In the entries below, find the line with "こちらは、ハロウィンピンクと" and the line with "บริษัท อีเอสโอ เทค"; reproduce those two lines and all lines between them exactly, without pictures.

Data excerpts:
= = = = = = =
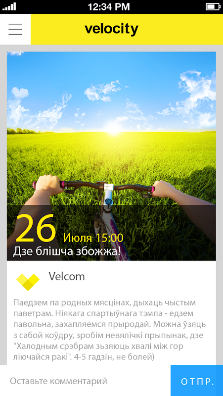 Keywords: velocity,велосити,velcom,велком,велосипед,вело,velo,покатушка,карта,маршруты,Беларусь,общение,bike
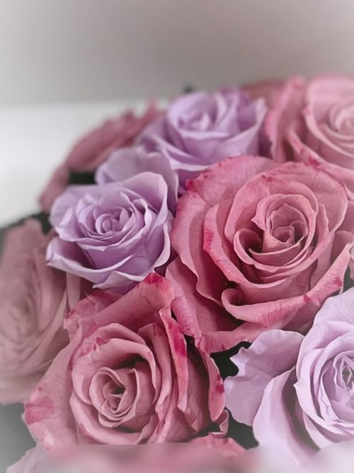 こちらは、ハロウィンピンクと淡いパープルのバラをボリューム感たっぷりに保存したオーダーメイドプリザーブドフラワー「Petit Carre(プチカレ)」の作品です。ニュアンスのあるピンクやパープルカラーがとってもエレガント。ハロウィンにはグラデーション加工を施し、生花の雰囲気を感じる作品になっています。
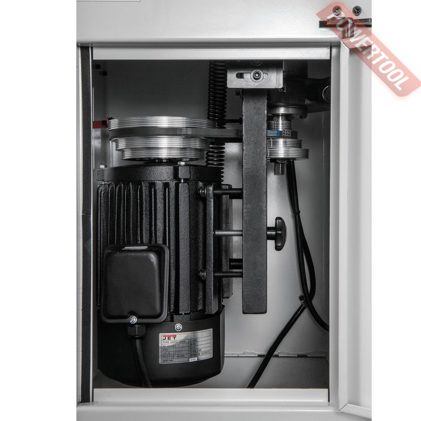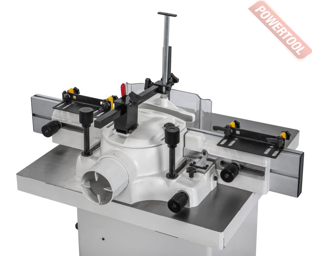 У станка сменный шпиндель, который фиксируются на валу гайкой и шомполом. Штатно установлен 30-миллиметровый для насадных фрез, для концевых в комплекте поставляются цанговые зажимы 8 мм, 12 мм и 1/2 дюйма. Для удобства смены оснастки предусмотрена блокировка вращения вала; в целях безопасности и защиты оборудования установлен концевик, не позволяющий запустить мотор, пока блокировка не снята. Четыре скорости вращения меняют переустановкой поликлинового ремня. В сравнении с предшествующей моделью передаточный ряд «смещен вверх» в сторону больших оборотов.
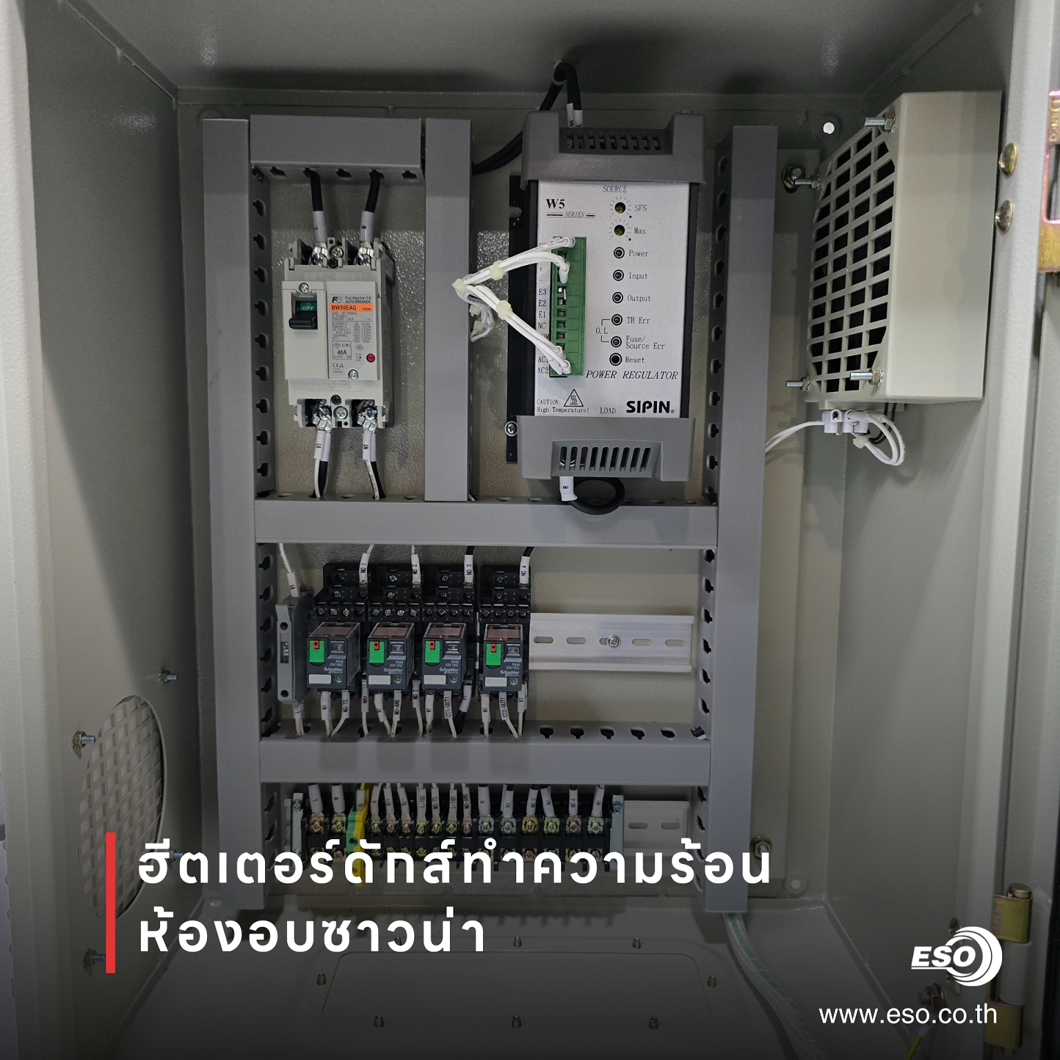 บริษัท อีเอสโอ เทค จำกัด ได้ทำการส่งมอบฮีตเตอร์ดักส์พร้อมตู้ควบคุมจำนวน 2 ชุด โดยเป็นฮีตเตอร์ดักส์ขนาด 1kW พร้อมชุดเทอร์โมสตรัทป้องกันจำนวน 2 ตัว และตู้ควบคุมฮีตเตอร์ประกอบพร้อมติดตั้งจำนวน 2 ใบ ซึ่งจะใช้ SCR Single Phase 30A พร้อม Temperature Controller SC62 Series จากแบรนด์ SIPIN เป็นอุปกรณ์ควบคุมหลัก
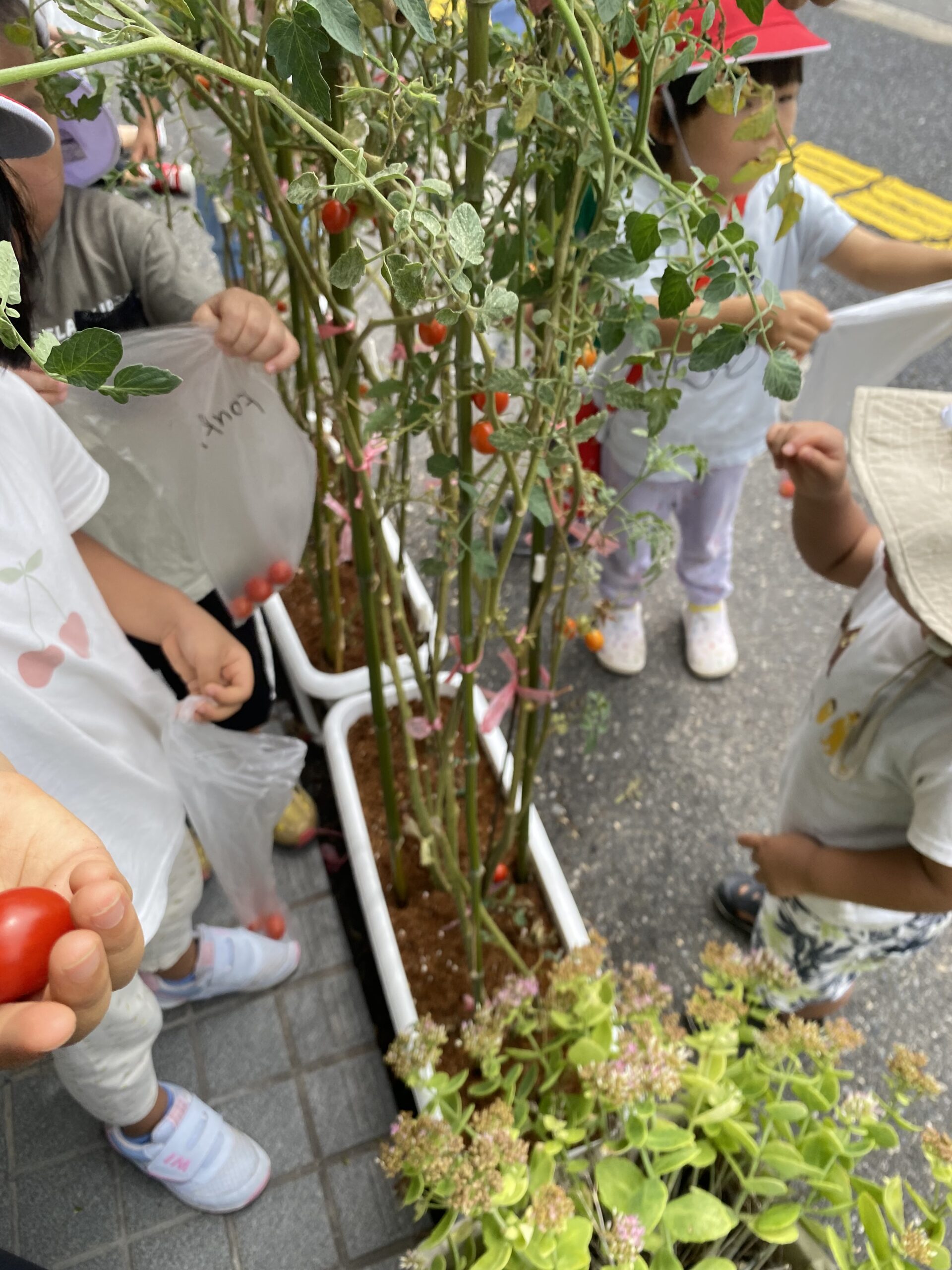 子たちはどんどん大きくなるトマトに毎日水やりをしてくれたり、青いトマトを見つけて「赤ちゃんがまた出来てる!」と喜んでいます
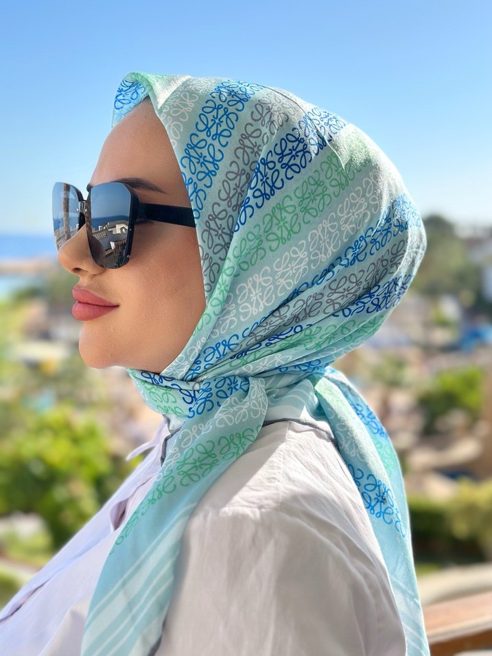 Hafif turkuaz renkli, drapeli stil ve yumuşak sentetik kumaştan yapılmış kadın şalıdır. Mütevazı, bohem ve sokak stiline uygundur.
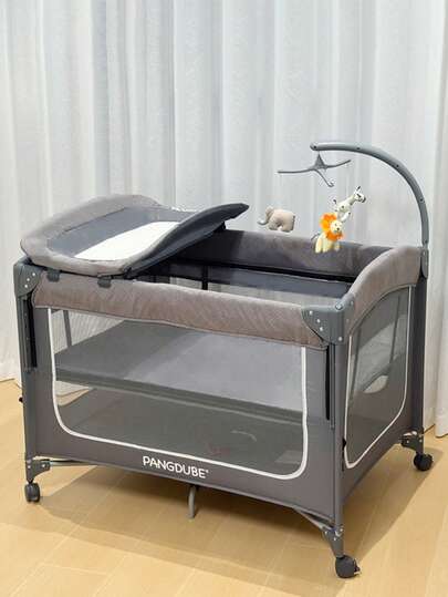 Cuna Multifuncional PANGDUBE para Cama de Padres - Cuna 3 en 1 Plegable con Cambiador y Área de Juego para Niñas y Niños - Convertible en Cuna de Co-sueño - Diseño Portátil con Ruedas Silenciosas para el Hogar y Viajes - Como imagen - Añade 7
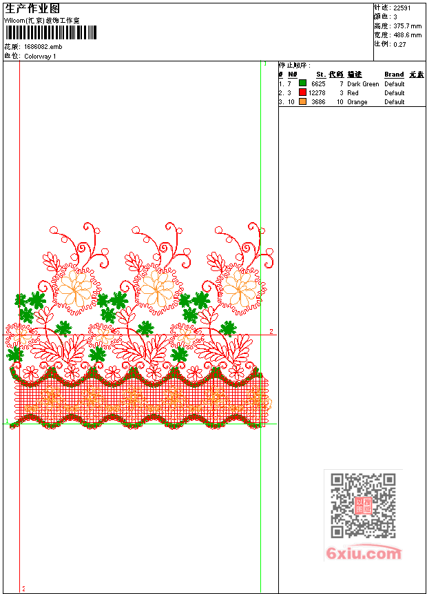 - emb花版参数: 大小:96.50 KB / 尺寸:489*376[毫米] / 针数:22591针 / 线色:3 / 格式:emb / 版本:7
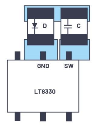 关键回路由外部二极管D、耦合电容C,以及LT8330开关稳压器IC中的GND和SW引脚之间的内部连接构成。热回路应尽量短小和紧凑。
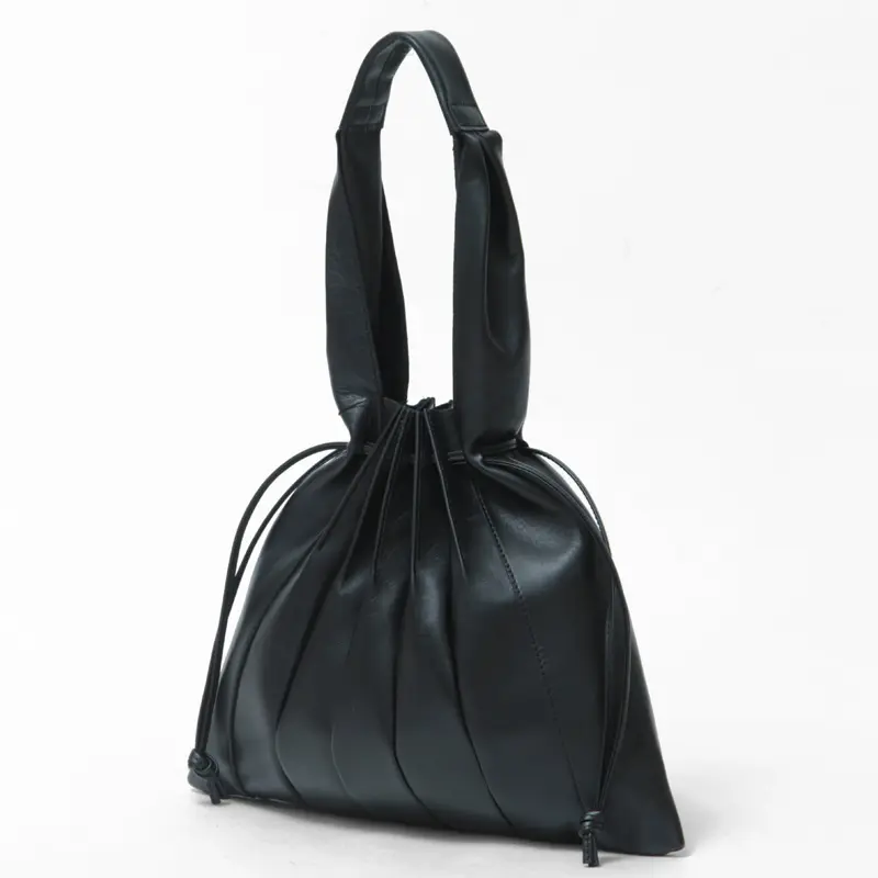 リリー LILY バッグ LILY トートバッグ ワンハンドル 巾着 本革 肩がけ 軽量 レディース ブラックリアルマインド BLACK REAL MIND アンジェ 210228 ジャバラ プリーツ
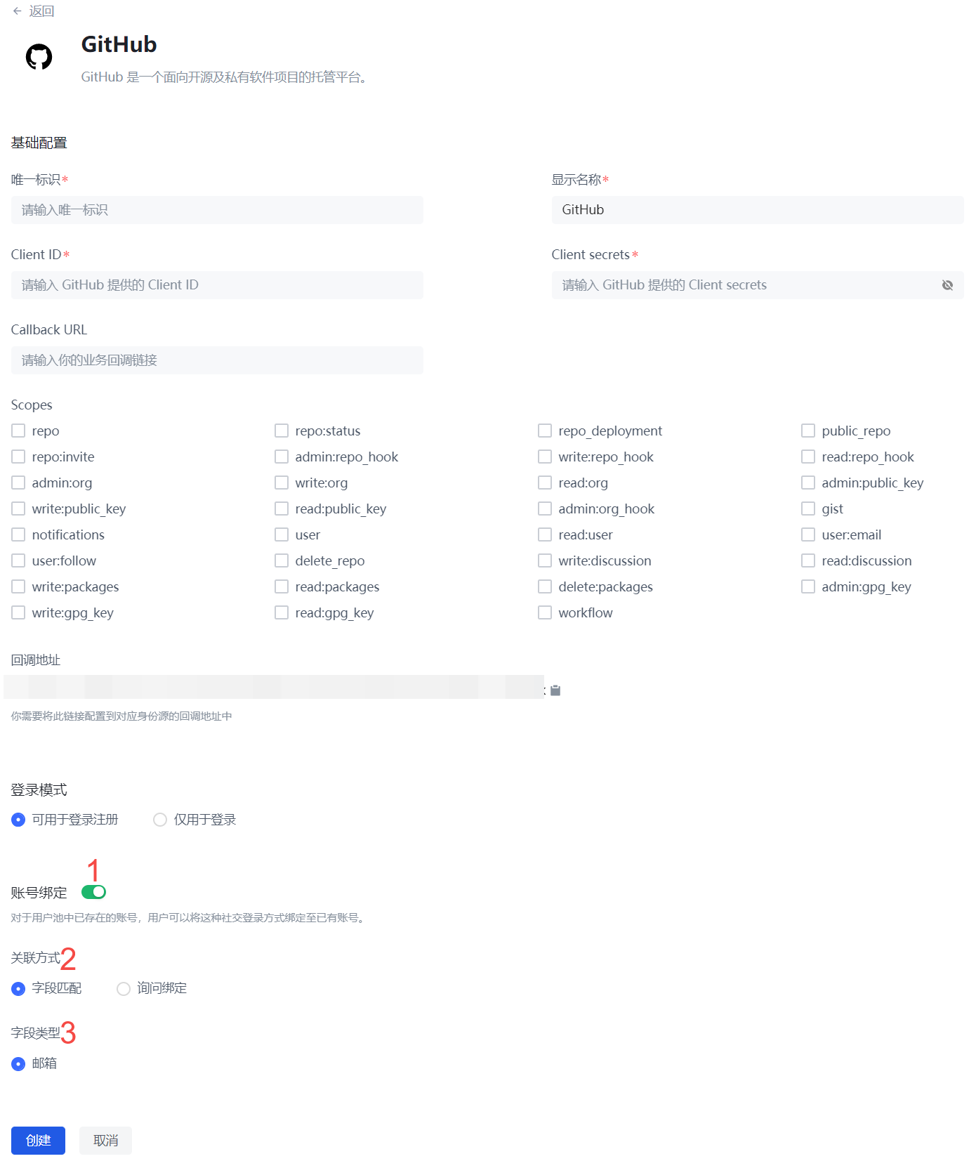 按照上述步骤开启字段匹配后,当你的用户首次通过这个身份源进行登录时,会经历以下路径(以 Github 为例):
= = = = = = =
REPLY TO THE TASK:
 こちらは、ハロウィンピンクと淡いパープルのバラをボリューム感たっぷりに保存したオーダーメイドプリザーブドフラワー「Petit Carre(プチカレ)」の作品です。ニュアンスのあるピンクやパープルカラーがとってもエレガント。ハロウィンにはグラデーション加工を施し、生花の雰囲気を感じる作品になっています。
 У станка сменный шпиндель, который фиксируются на валу гайкой и шомполом. Штатно установлен 30-миллиметровый для насадных фрез, для концевых в комплекте поставляются цанговые зажимы 8 мм, 12 мм и 1/2 дюйма. Для удобства смены оснастки предусмотрена блокировка вращения вала; в целях безопасности и защиты оборудования установлен концевик, не позволяющий запустить мотор, пока блокировка не снята. Четыре скорости вращения меняют переустановкой поликлинового ремня. В сравнении с предшествующей моделью передаточный ряд «смещен вверх» в сторону больших оборотов.
 บริษัท อีเอสโอ เทค จำกัด ได้ทำการส่งมอบฮีตเตอร์ดักส์พร้อมตู้ควบคุมจำนวน 2 ชุด โดยเป็นฮีตเตอร์ดักส์ขนาด 1kW พร้อมชุดเทอร์โมสตรัทป้องกันจำนวน 2 ตัว และตู้ควบคุมฮีตเตอร์ประกอบพร้อมติดตั้งจำนวน 2 ใบ ซึ่งจะใช้ SCR Single Phase 30A พร้อม Temperature Controller SC62 Series จากแบรนด์ SIPIN เป็นอุปกรณ์ควบคุมหลัก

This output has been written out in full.